** Entries provided **
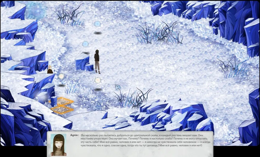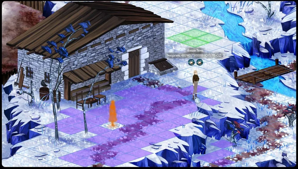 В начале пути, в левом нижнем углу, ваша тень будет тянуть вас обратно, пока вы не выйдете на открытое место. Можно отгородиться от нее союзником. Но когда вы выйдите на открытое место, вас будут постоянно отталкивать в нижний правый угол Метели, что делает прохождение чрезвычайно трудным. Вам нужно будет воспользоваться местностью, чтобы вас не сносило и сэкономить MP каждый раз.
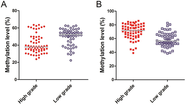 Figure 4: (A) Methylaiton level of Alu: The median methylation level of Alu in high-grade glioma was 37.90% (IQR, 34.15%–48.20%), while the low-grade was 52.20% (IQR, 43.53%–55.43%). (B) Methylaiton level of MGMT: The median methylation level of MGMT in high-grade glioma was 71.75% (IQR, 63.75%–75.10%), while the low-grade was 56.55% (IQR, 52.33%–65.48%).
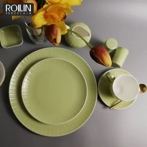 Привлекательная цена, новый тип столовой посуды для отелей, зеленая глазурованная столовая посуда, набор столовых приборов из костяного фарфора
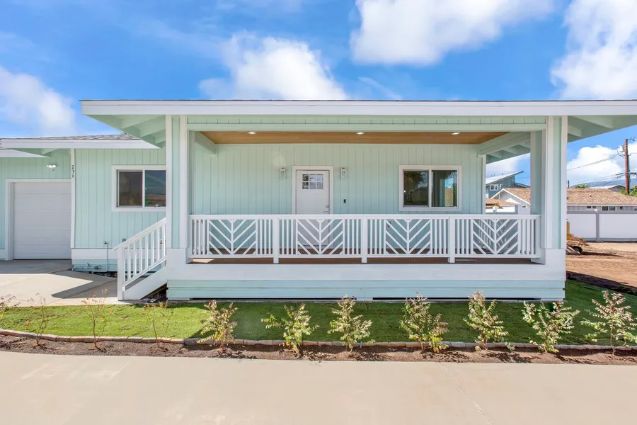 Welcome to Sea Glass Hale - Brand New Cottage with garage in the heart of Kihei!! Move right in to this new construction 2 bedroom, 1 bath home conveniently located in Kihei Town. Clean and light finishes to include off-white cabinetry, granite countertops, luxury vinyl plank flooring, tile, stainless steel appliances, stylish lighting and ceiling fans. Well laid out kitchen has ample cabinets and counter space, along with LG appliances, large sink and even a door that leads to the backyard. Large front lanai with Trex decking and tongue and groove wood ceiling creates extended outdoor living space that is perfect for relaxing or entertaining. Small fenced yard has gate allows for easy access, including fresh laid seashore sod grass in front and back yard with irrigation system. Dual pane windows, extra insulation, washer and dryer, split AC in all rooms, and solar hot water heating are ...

...

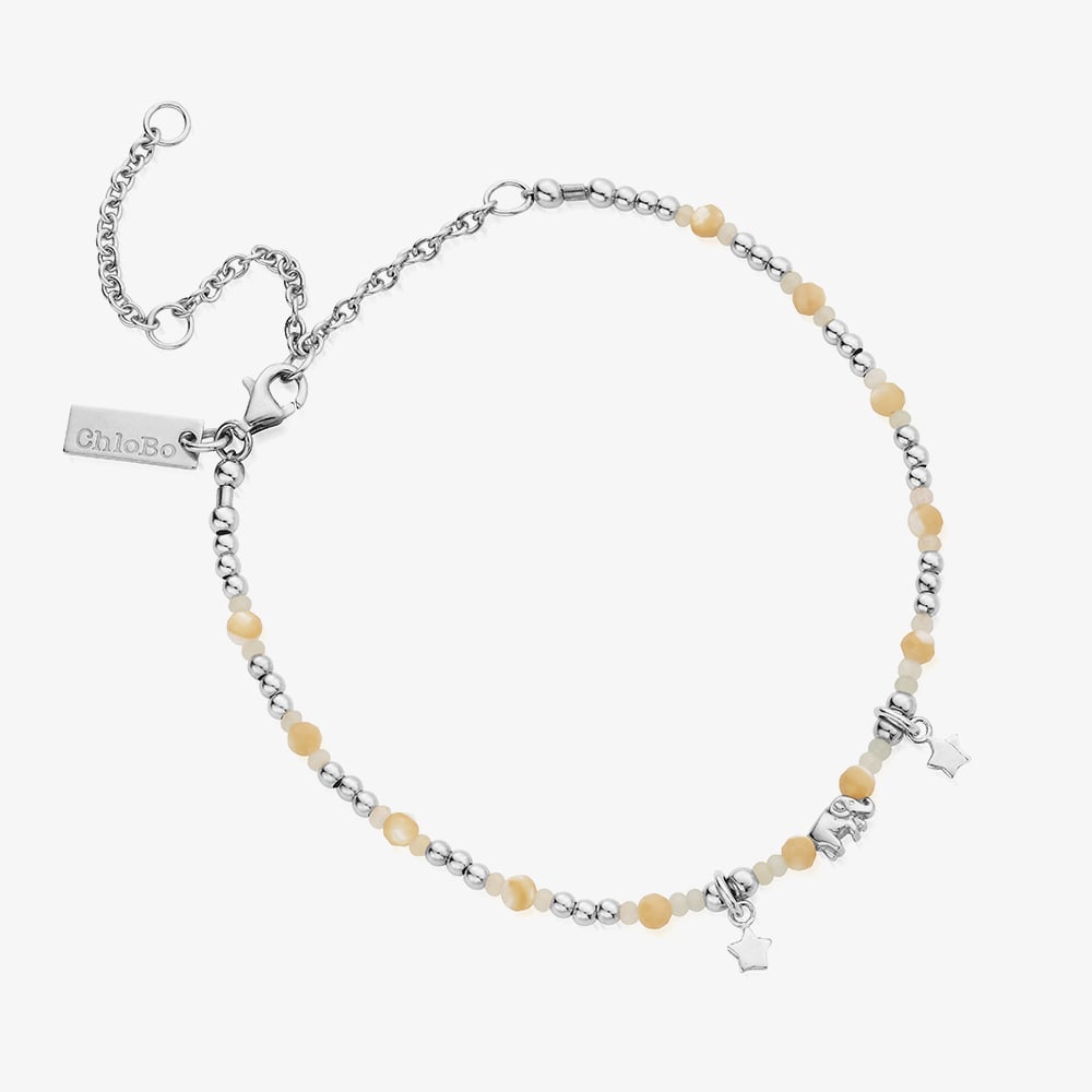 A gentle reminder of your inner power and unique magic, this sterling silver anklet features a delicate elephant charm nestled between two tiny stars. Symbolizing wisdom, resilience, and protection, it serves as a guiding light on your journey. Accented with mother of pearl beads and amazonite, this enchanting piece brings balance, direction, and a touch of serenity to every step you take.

** Exercise **
Reproduce the listing above only between the lines holding "Привлекательная цена, новый" and "Welcome to Sea", inclusive. Every line must match exactly, and pictures are dropped.

** Output for this exercise **
 Привлекательная цена, новый тип столовой посуды для отелей, зеленая глазурованная столовая посуда, набор столовых приборов из костяного фарфора
 Welcome to Sea Glass Hale - Brand New Cottage with garage in the heart of Kihei!! Move right in to this new construction 2 bedroom, 1 bath home conveniently located in Kihei Town. Clean and light finishes to include off-white cabinetry, granite countertops, luxury vinyl plank flooring, tile, stainless steel appliances, stylish lighting and ceiling fans. Well laid out kitchen has ample cabinets and counter space, along with LG appliances, large sink and even a door that leads to the backyard. Large front lanai with Trex decking and tongue and groove wood ceiling creates extended outdoor living space that is perfect for relaxing or entertaining. Small fenced yard has gate allows for easy access, including fresh laid seashore sod grass in front and back yard with irrigation system. Dual pane windows, extra insulation, washer and dryer, split AC in all rooms, and solar hot water heating are ...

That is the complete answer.